Given the increased volatility in its monthly returns, the fund need not form part of an investor’s core portfolio.



Srividhya Sivakumar

Investors with a long-term horizon can consider adding Franklin India Flexi Cap Fund to their portfolio. Besides a track record showcasing consistency , what also strengthens the case for investing in this fund is its improved scorecard in recent times.

Having lagged in performance compared with peers such as HSBC India Opportunities and HDFC Premier Multi Cap just six months ago , the fund has since sprung back into action quite impressively. It has now beaten both these funds by a decent margin on a one-year and three-year time frame.

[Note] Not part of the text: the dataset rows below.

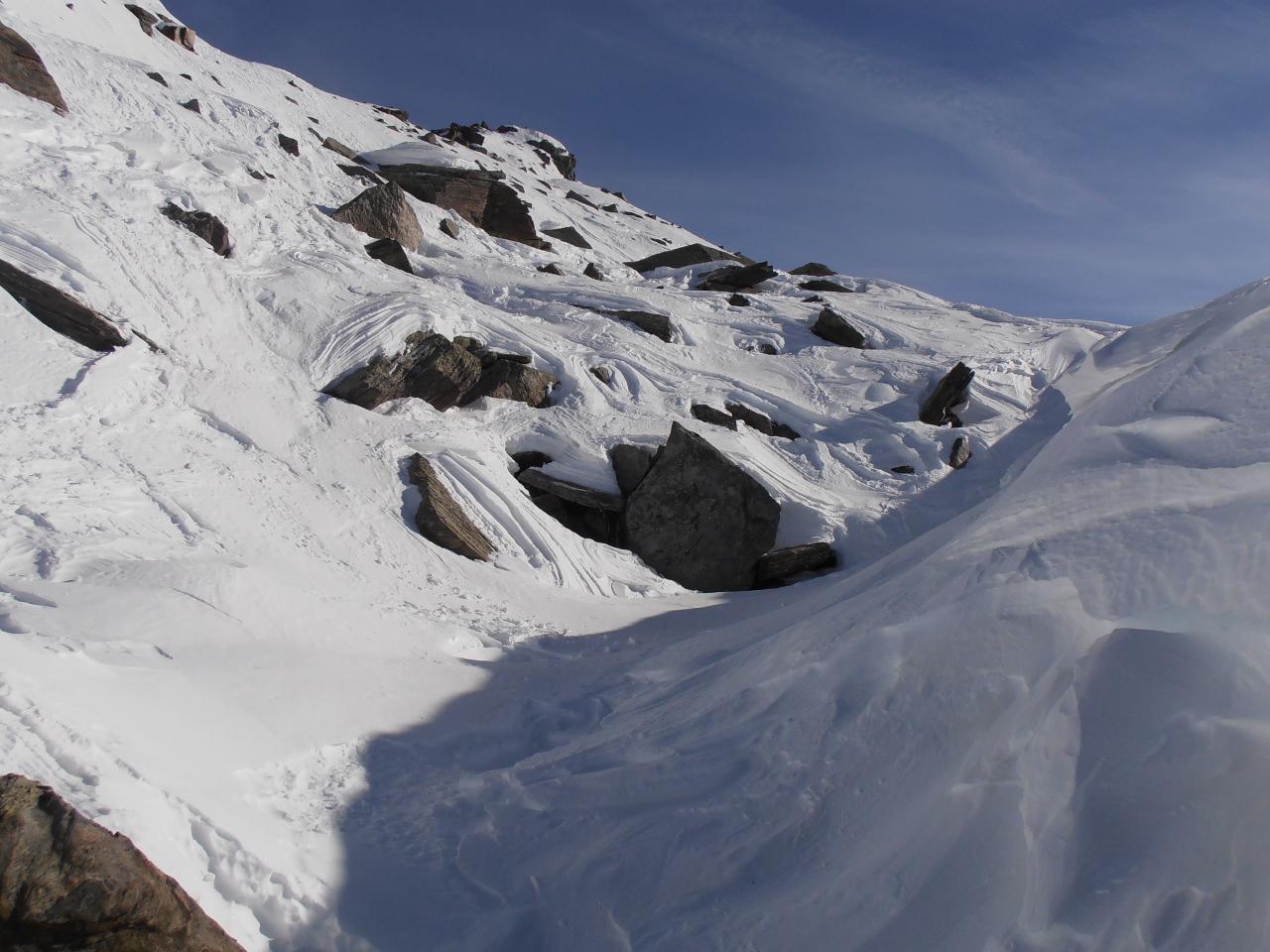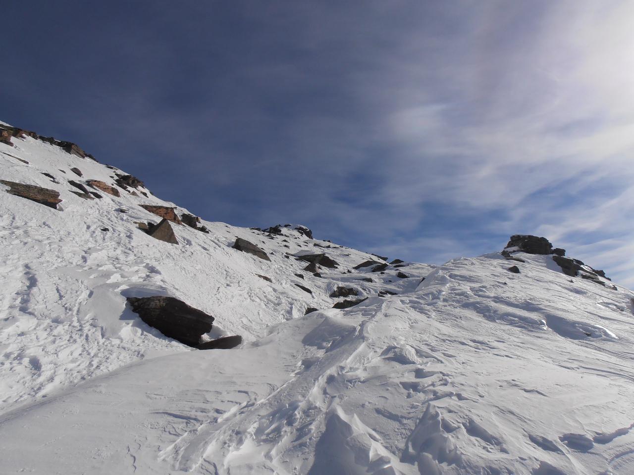 | tini | 05 - la cresta finale è parzialmente spoglia dalla neve, ben in anticipo rispetto alle foto degli anni precedenti | tini | 06 - all'improvviso le nuvole spariscono ed appare laggiù la Pointe de Mean Martin | tini | 07 - discesa bella, quì la parte alta | tini | 08 - panorama verso ovest, Pointe de Bezin sud e nord; sullo sfondo Buffettes e Mean Martin | tini | 09 - il pendio nord se lo si sale direttamente | tini | 10 - ancora un ottimo innevamento a centro vallone | tini | 11 - nella parte bassa neve magnifica | tini | 12 - si arriva sci ai piedi fino al Pont de la Neige sfruttando il ruscello ancora coperto dalla neve | tini | 01 - il refuge d'Ambin | tini | 02 - il refuge d'Ambin con Gran Cordonnier e Sommeiller sullo sfondo | tini | 03 - dettaglio Petit Vallon con cascate di ghiaccio | tini | 04 - alla partenza da Le Maroqua tutta la valle | tini | 05 - scordio sui Denti d'Ambin, visibili poco dopo la partenza | tini | 06 - ingresso nel pianoro sotto il rifugio | tini | 07 - risalendo i nevai resifui sotto il rifugio
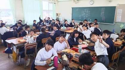 1年生の昼食時のようすです。男女合同の班をつくり、楽しく、美味しく、昼食をいただいています。
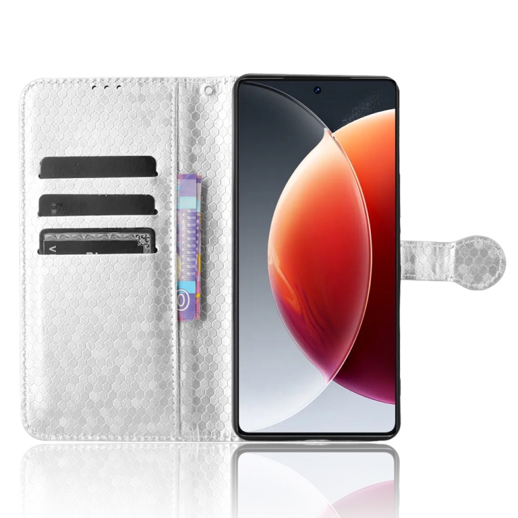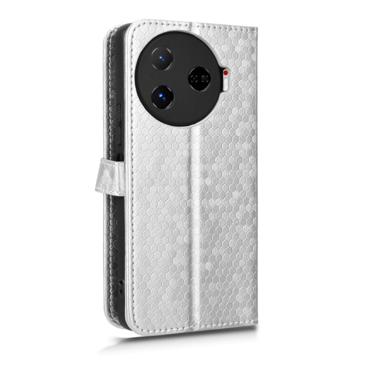 Funda de Cuero para Tecno Camon 30 Pro 5G con Textura de Punto de Panal (Plata)
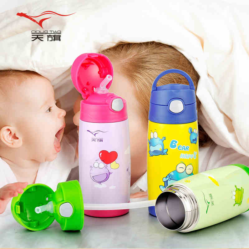 不锈钢带吸管儿童保温杯

That its one-year returns also beat that of its benchmark, CNX 500, a tough index to benchmark with, also instils confidence. However, given the increased volatility in its monthly returns, the fund need not form part of an investor’s core portfolio. It can, instead, be considered as a diversification option.

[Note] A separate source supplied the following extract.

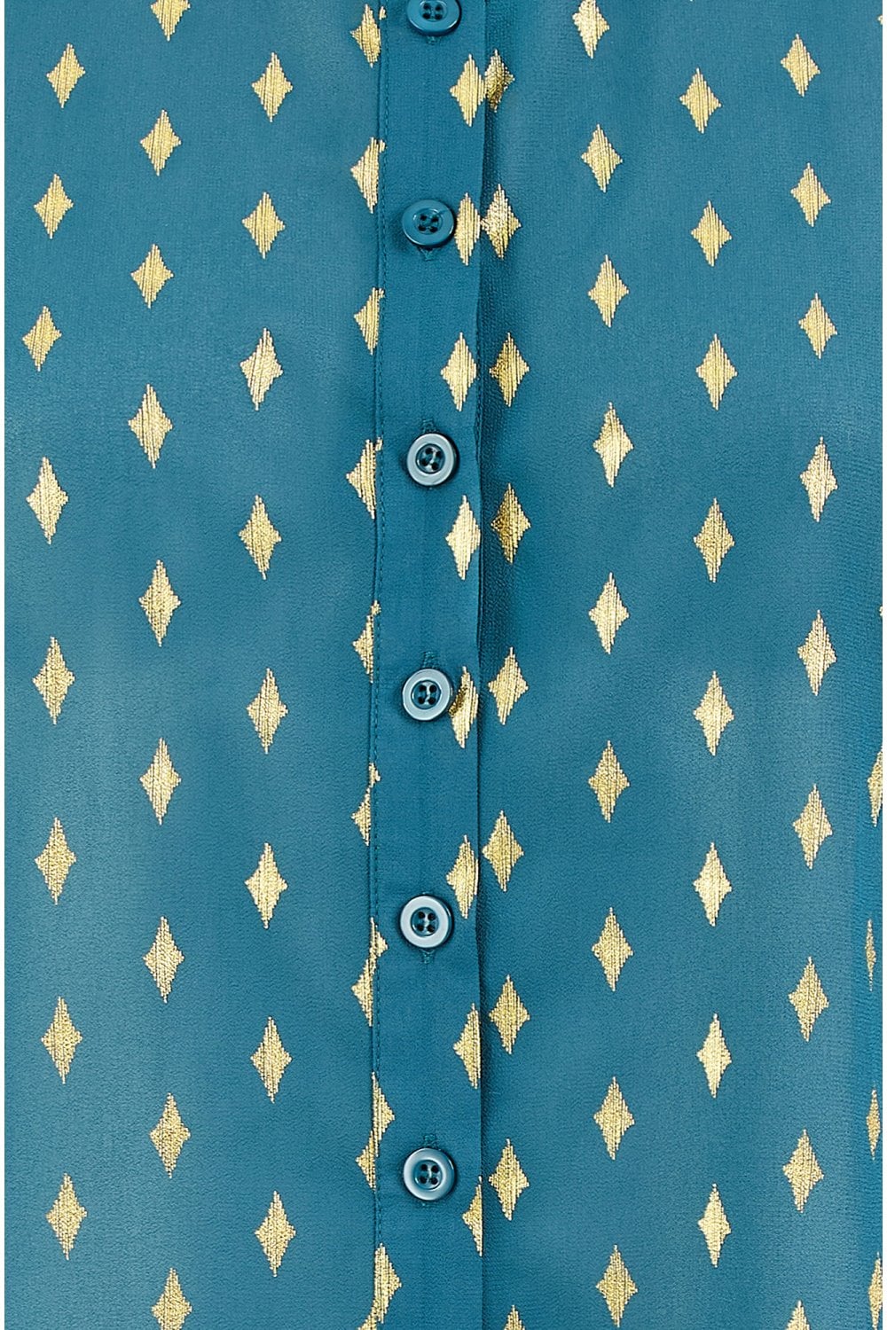 Yumi Teal Diamond Foil Print Top With Ruched Cuff
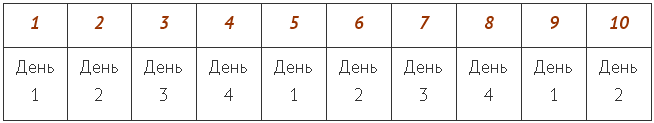 В течение следующих 4-х дней нужно повторить схему приклеивания пластыря «Фей Бу». На 9 и 10 день курса приклеивайте пластырь по схеме 1 и 2 дня соответственно.

Investors can also consider phasing out their exposure to the fund by way of SIPs or through buying small lumpsums on market dips.

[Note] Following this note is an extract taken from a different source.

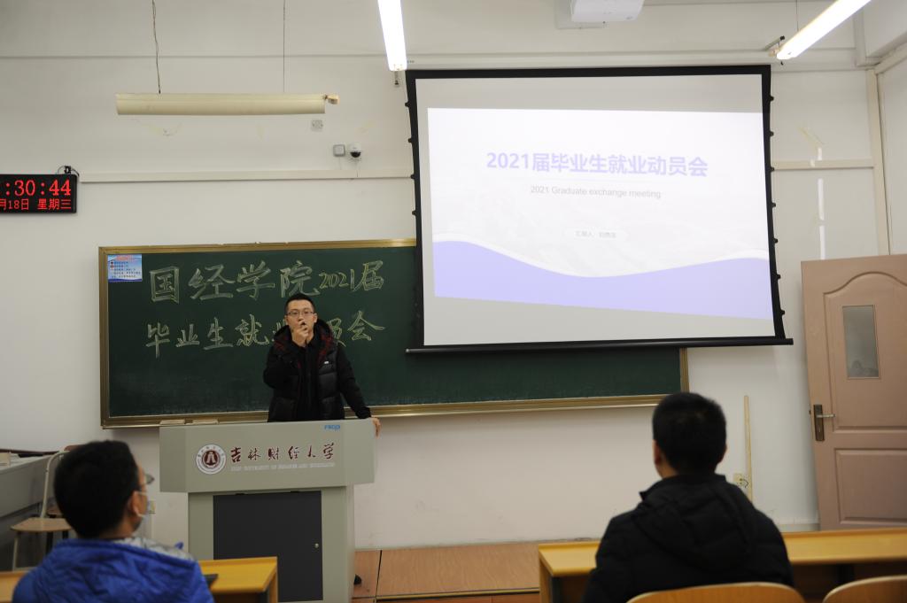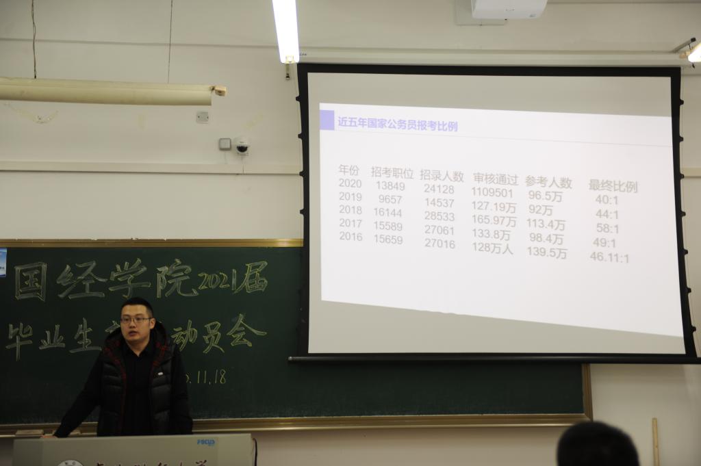 动员会中,刘恩泽老师首先介绍和分析了女王调教 2021届毕业生的就业和考研形势。刘老师分别针对考研、公务员、事业单位、校企合作、二学位和出国留学这六种毕业选择向毕业生们提出了建议并给予了相关指导。随着考研学生比例的逐年上升,叠加二战、三战考研群体,虽然2021年研究生将继续扩招,但计划增量主要投向了临床医学、公共卫生、集成电路、人工智能等专业,财经类毕业生考研形势依然严峻,考研压力依然很大。刘恩泽老师在向准备考研的同学们表达祝福的同时,也建议同学多角度做好毕业选择,鼓励本届毕业生抓住各种机会,通过校招等各种招聘平台在毕业季找到自己理想的工作。

Performance: The fund has contained losses to about 31 per cent and 10 per cent over one- and three-year periods, respectively. While the onset of the bear market saw the performance slacken in the first half of 2008, it has since then done well to keep pace with both its benchmark and peer funds.

That the fund donned a predominantly large-cap focus, even though it had the flexibility to invest across the entire market capitalisation range may explain its improved performance in recent times. Well-timed sector bets — such as upping exposure to defensives such as consumer non-durables and pharmaceuticals while systematically pruning holdings in capital goods — even as it maintained a high exposure to banks may have also helped the fund better its performance. As the fund has earlier proved its mettle in participating in secular rallies, there could be lower concerns on its ability to participate well if the broad markets chose to trend further up from hereon. In this context, given that the fund is fully invested in equities (in line with the AMC’s broad strategy) but for a 6 per cent cash exposure may also help.

On a monthly rolling return basis, the fund has, in the last three years, outperformed its benchmark only half the number of times. But what lends comfort is that the average margin of underperformance wasn’t significant.

Portfolio: A large-cap bias with a focused sector-specific approach best describes the fund’s latest portfolio. Its March 2009portfolio sports a 65 per cent exposure to large-cap stocks, while mid (20 per cent) and small caps (9 per cent) make up for the rest; it also has a 6 per cent exposure to cash and equivalents.

In terms of sector exposure however, the fund appears to have adopted a focused approach. The top three sectors held by the fund — banks, telecom and consumer non-durables — make up for as much as 43 per cent of its entire portfolio. Stocks from the cement and oil and gas sectors were recent additions to the portfolio.